DIRECTIONS → With pictures omitted, copy exactly the lines from the one containing "ОКТАБРЬ - Водяной уж" through the end of the records below.

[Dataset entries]
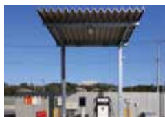
自家用給油取扱所
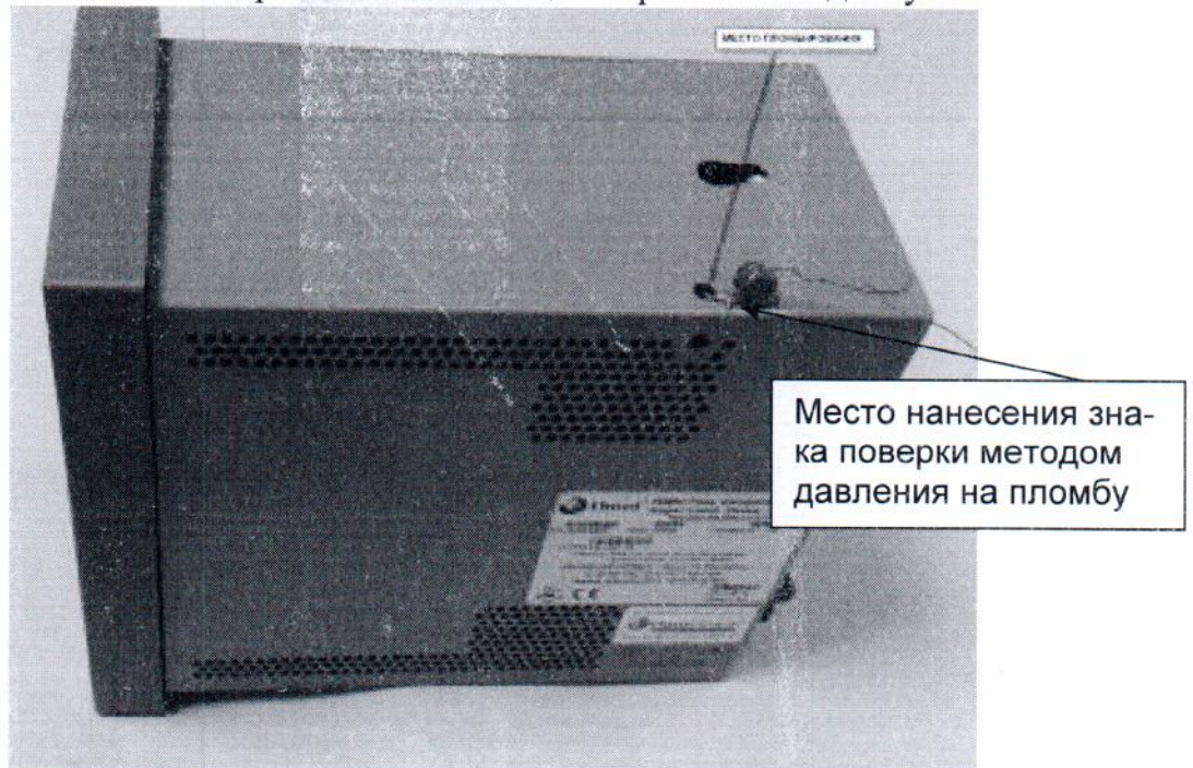
Рисунок 3.1 – Место пломбировки на боковой поверхности
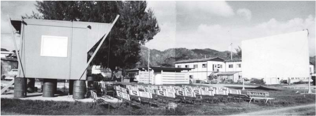
図4 米軍統治時代の父島にあった野外映画館「ワーファー」

もサイパンでもよく使われている単語である。米軍時代の小笠原には野外映画館があった(図4)。(現在の生協の西側にあったこの映画館は、元々カマボコ兵舎のカバーがついていたが、それが台風吹き飛ばされて、結果的に野外映画館になったのである。)その映画館の名前は「ワーファー」となっていた。それほど米軍統治時代の欧米系島民にとってワーファーが馴染み深い言い方なのである。
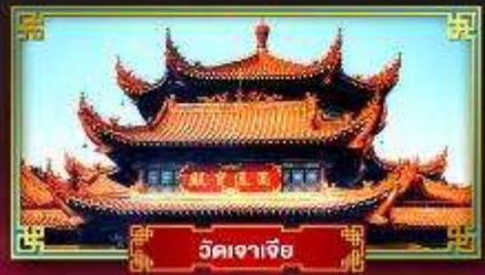
วัดเจเจีย
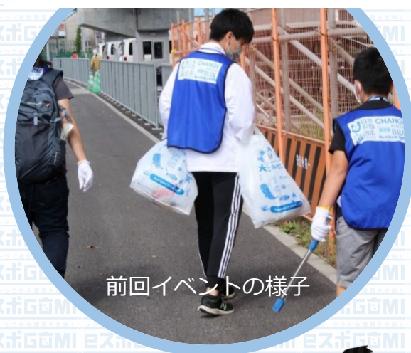
前回イベントの様子
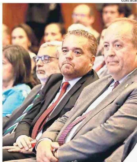
EL GOBERNADOR EN SU PRIMERA ACTIVIDAD COMO AUTORIDAD.

Cristian Aguayo Venegas cronica@estrellaconce.cl
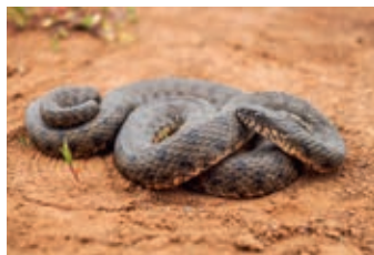
ОКТАБРЬ - Водяной уж
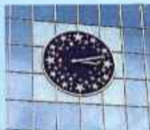
ソーラーシステムを利用した星の大時計。太陽電池で時計を動かしています。

古小牧産の天然ガスを使って電気を作り、JRタワー全体の80%の電力をまかなっています。写真はガスタービン発電機。飛行機のジェットエンジンと同じ構造です。当日は再生資源室や、天然ガスを使ったコージェネレーションの施設、太陽電池が使われている「星の大時計」、「風太郎」などを見学することができます。スタッフの方が説明してくれて、みんなの質問にも答えてくれますよ。
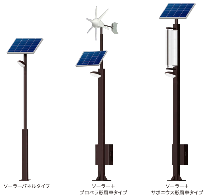
ソーラーパネルタイプ
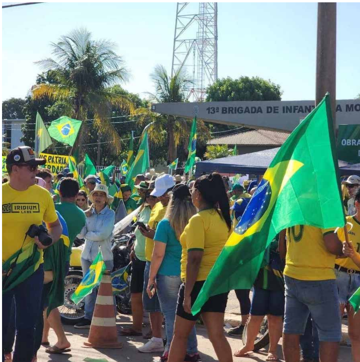
Em Cuiabá o protesto se localiza em frente da 13ª Brigada do Exército Brasileiro

Por sua vez, os comandantes das Forças Armadas disseram que defendem que os direitos dos brasileiros sejam respeitados, tanto o direito de manifestar o livre pensamento, como também o direito de transitar pelo país.
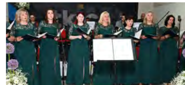
Članice Collegium artisticuma održale su slavljenički koncert

i na slavljeničkom koncertu mogla uživati u njihovom zajedničkom muziciranju. U programu ovoga atraktivnog slavljeničkog koncerta nastupili su i mali gitaristi iz Glazbene škole Varaždin pod vodstvom prof. Mislava Vudjana .
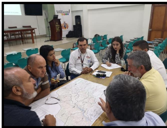
Mesa # 1

TASK RESULT →
ОКТАБРЬ - Водяной уж
ソーラーシステムを利用した星の大時計。太陽電池で時計を動かしています。

古小牧産の天然ガスを使って電気を作り、JRタワー全体の80%の電力をまかなっています。写真はガスタービン発電機。飛行機のジェットエンジンと同じ構造です。当日は再生資源室や、天然ガスを使ったコージェネレーションの施設、太陽電池が使われている「星の大時計」、「風太郎」などを見学することができます。スタッフの方が説明してくれて、みんなの質問にも答えてくれますよ。
ソーラーパネルタイプ
Em Cuiabá o protesto se localiza em frente da 13ª Brigada do Exército Brasileiro

Por sua vez, os comandantes das Forças Armadas disseram que defendem que os direitos dos brasileiros sejam respeitados, tanto o direito de manifestar o livre pensamento, como também o direito de transitar pelo país.
Članice Collegium artisticuma održale su slavljenički koncert

i na slavljeničkom koncertu mogla uživati u njihovom zajedničkom muziciranju. U programu ovoga atraktivnog slavljeničkog koncerta nastupili su i mali gitaristi iz Glazbene škole Varaždin pod vodstvom prof. Mislava Vudjana .
Mesa # 1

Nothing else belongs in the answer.